The Ghost Chasers are pretty much the typical cast you’d find on a cable reality ghost hunting show: the know-it-all leader, his level-headed female counterpart, the crazy weird psychic, a few lackeys that hang around to do all the grunt work and the wise tech-savvy veteran who has probably seen a “few things” in his day. We meet the Ghost Chasers as they arrive at the fictional theater called The Renway, and the cast of players take us through the theater’s eerie history, from a fatal fire in the projection booth to a slaughtered family discovered years later to the recent sighting of a naked female hanging from the main lobby ceiling. All good stuff when you’re looking to make a show about ghosts, right?
But once the broadcast begins and the team turn out the lights to start exploring the entire theater, that’s when things start getting weird (much to our delight), and in between the insanely clever commercial breaks (including one that features Troma founder Lloyd Kaufman), the tension steadily builds in The Feed as the Ghost Chasers find more evidence of some rather active and pissed off ghosts in their midst, the movie (or show) culminating in an epic climax that will no doubt leave you feeling a bit rattled by the time the credits are rolling.
Made for a remarkable $15K, The Feed does an excellent job of recreating the spirit of supernaturally based reality shows, and Gibson really uses his budgetary limitations to work to his advantage here. There are no huge action sequences, no huge gore gags- everything in The Feed is about atmosphere and tension, and Gibson proves that he’s got the talent to keep audiences riveted from start to finish.

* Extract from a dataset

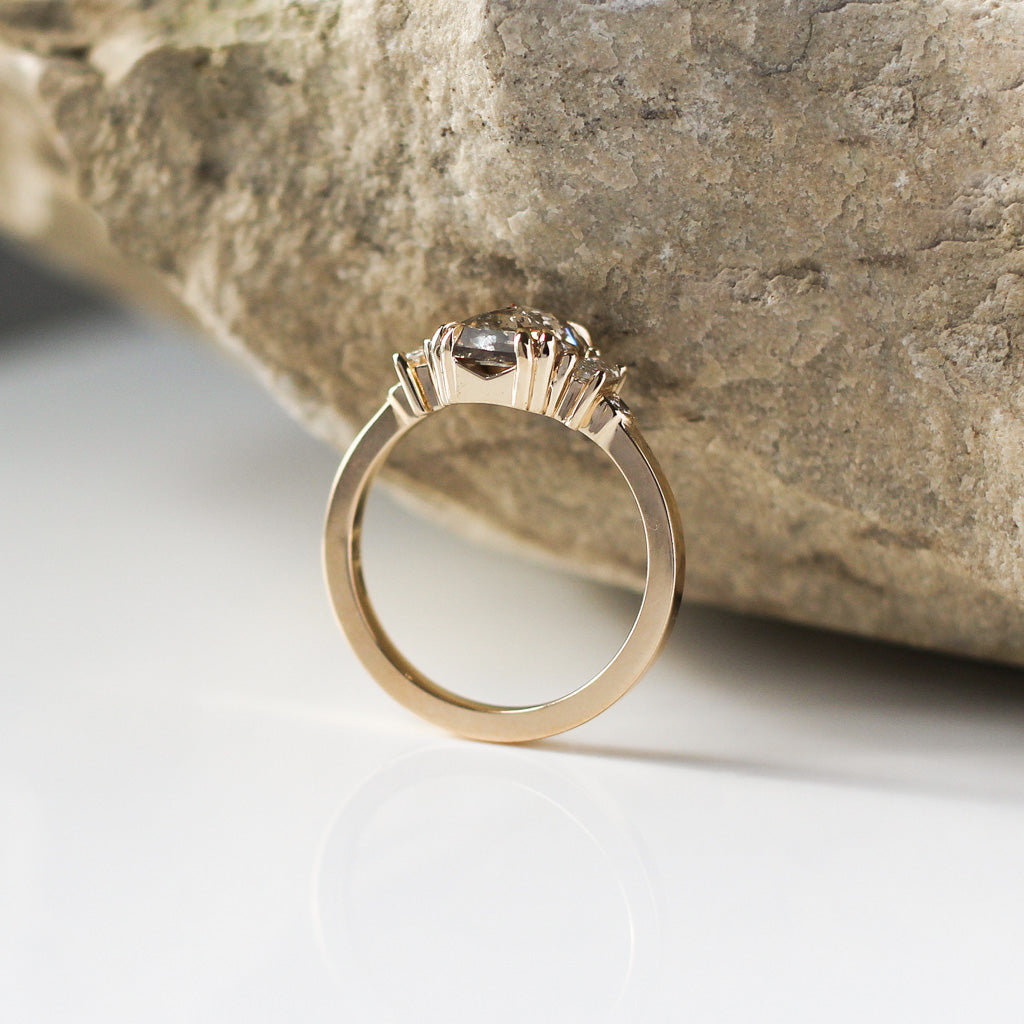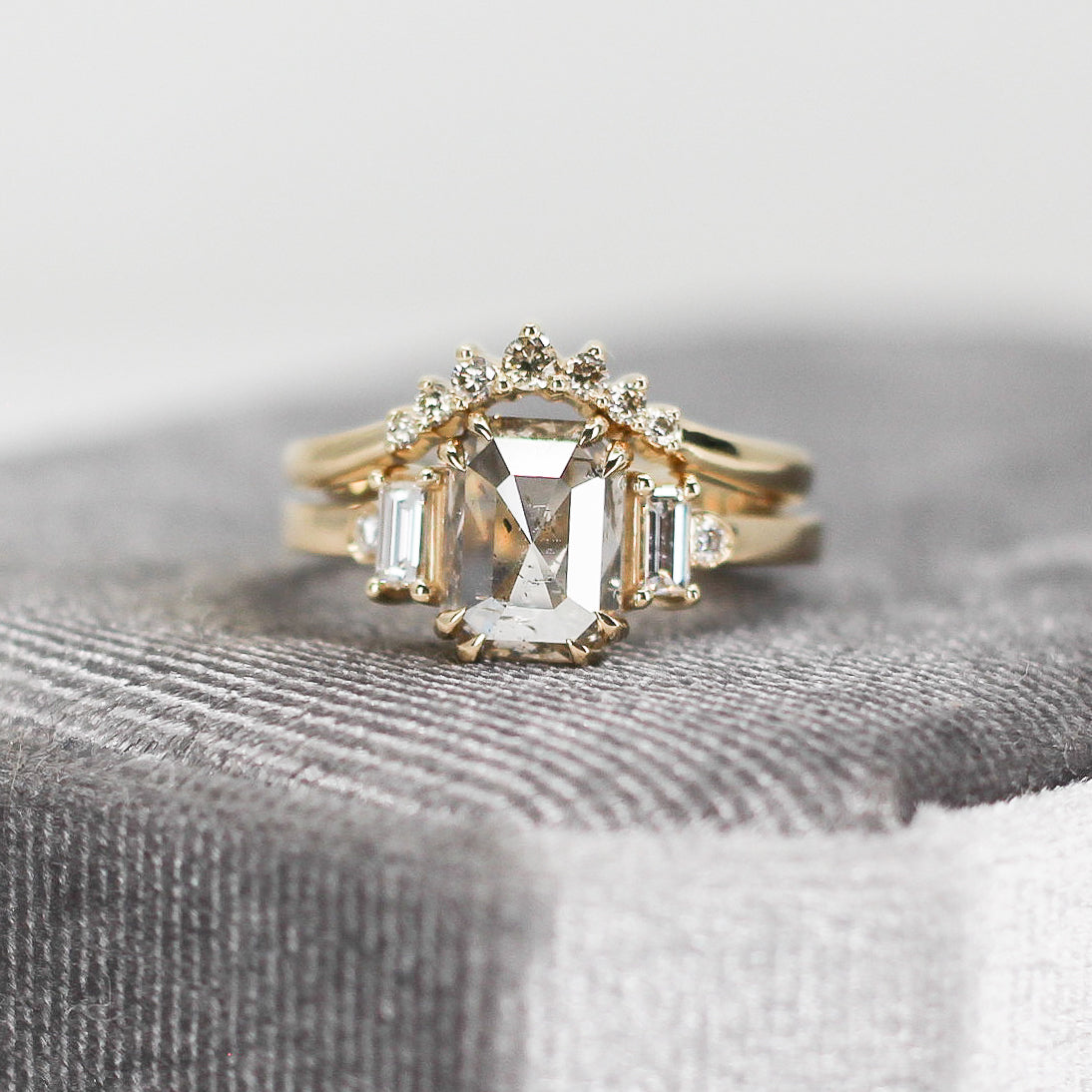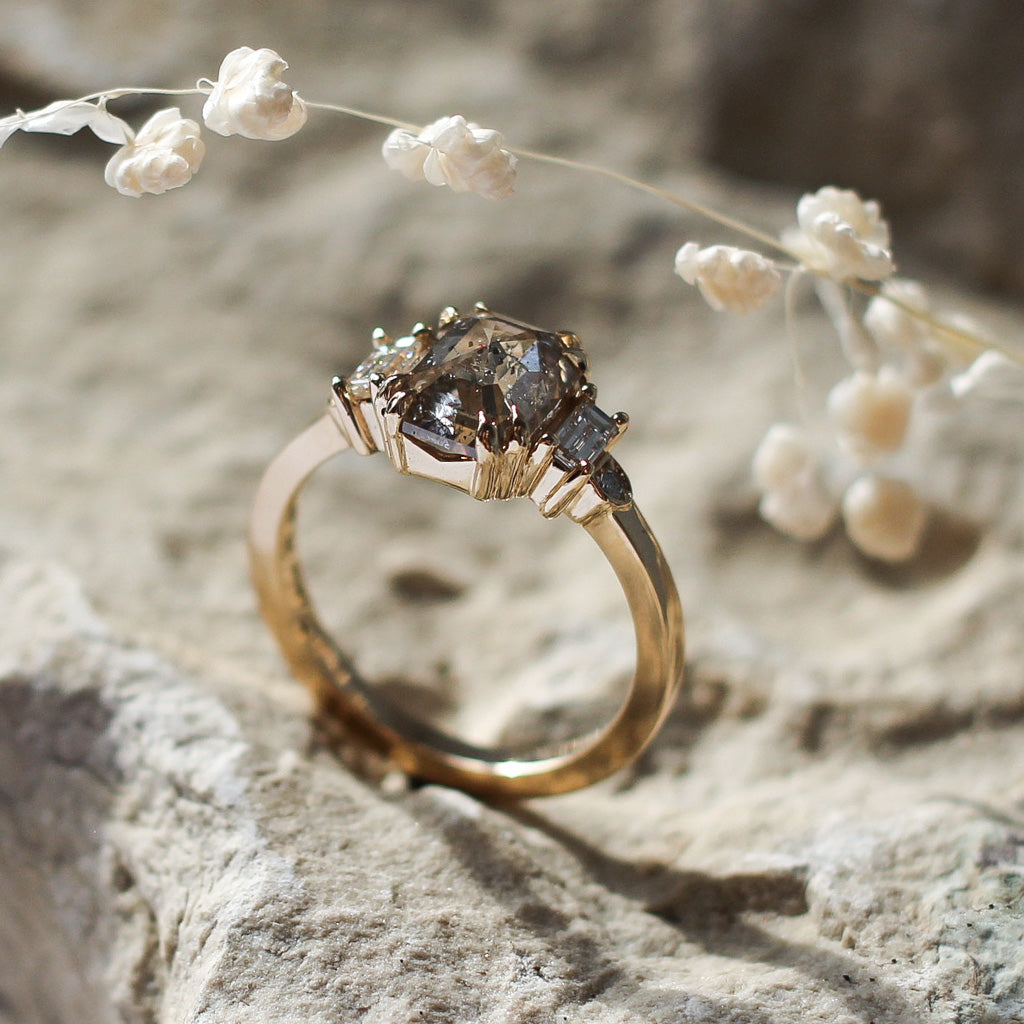Modern twist on an Art Deco style. Misceo Emerald Cut Champagne Diamond Ring is a party you will not want to leave early. Featuring one of a kind champagne salt & pepper diamond in the middle with faceting that is spilling over with fire all day and night. Contrasted with clear baguette and round diamonds making it glamorous but never too much.

The entire cast in The Feed has really solid chemistry together as well, especially Seth Drick as Ghost Chaser leader Todd and Brianna Healey as Amanda, although I wished Gibson had spent a little more time working in something that would give audiences a sense of just “who” we were watching hunt down apparitions; there’s not much in the way of character development in The Feed, but with this kind of storytelling approach, it’s not nearly as detrimental to be missing out on that component while trying to enjoy the overall flick. In fact, I’d love to see more from both the Ghost Chasers and Gibson as The Feed definitely leaves things open for more possibilities down the road.
The Feed is just downright fun and definitely is worth checking out if you’re a fan of the ghost hunting shows that have been popping up on various cable networks over the last few years. With Gibson’s talent to evoke tension and atmosphere in almost every single scene, The Feed is one of the strongest indie horror films I’ve discovered this year and proves that you don’t need a ton of money and gore to deliver great chills and scares.
The Feed is currently available for purchase directly from thefeedmovie.com, and for those of you ghost hunting show junkies out there, the film should not disappoint!